Kershaw's four-seamer and slider start off close together at the "recognition point" (when the batter can discern the pitch type), and they're nearly identical at the "commit point" -- when the batter has to decide whether to swing, before it's too late.
That's what you want. Kershaw's four-seamer and slider very closely resemble each other, and because they so closely resemble each other out of his hand, his extra velocity makes it even harder on the hitter at the plate.
Kershaw's four-seamer is getting more "rise" this season -- he's at +2.8 inches of rise above average -- and with him throwing it harder, it's dropping about an inch and a half less on its way to the plate. He's throwing his slider harder, too, at 87.7 mph compared to 86.9 mph in 2019, and he's added about an inch of horizontal break, at +1.8 inches above average.
That movement combination is important. Kershaw throws a "true" four-seamer -- it has rising action with almost no horizontal movement at all. Meanwhile, his slider has very little vertical drop, but it does take that hard little right turn on its way to the plate.

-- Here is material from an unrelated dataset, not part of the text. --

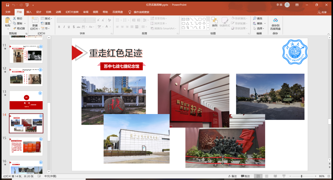 ★第九组讲述了淮安红色经典,弘扬了周恩来的伟大领导方针与思想。通过参观周恩来纪念馆、参观刘老庄革命烈士陵园和寻访英雄、倾听事迹。小组的所有成员都从此次活动中感悟到了新青年的时代责任——帮助红色历史适应时代潮流,实现中国伟大复兴的同时不忘初心。

Now think back to how close Kershaw's two primary pitches are to each other at the hitter's decision point. Between there and the plate, the four-seamer rises, and the slider slides away from it. And all of this is happening faster now, giving the hitter less time to solve the puzzle and drive the ball. Kershaw has sharper stuff and the same attacking mentality he's always had. It's a good combination.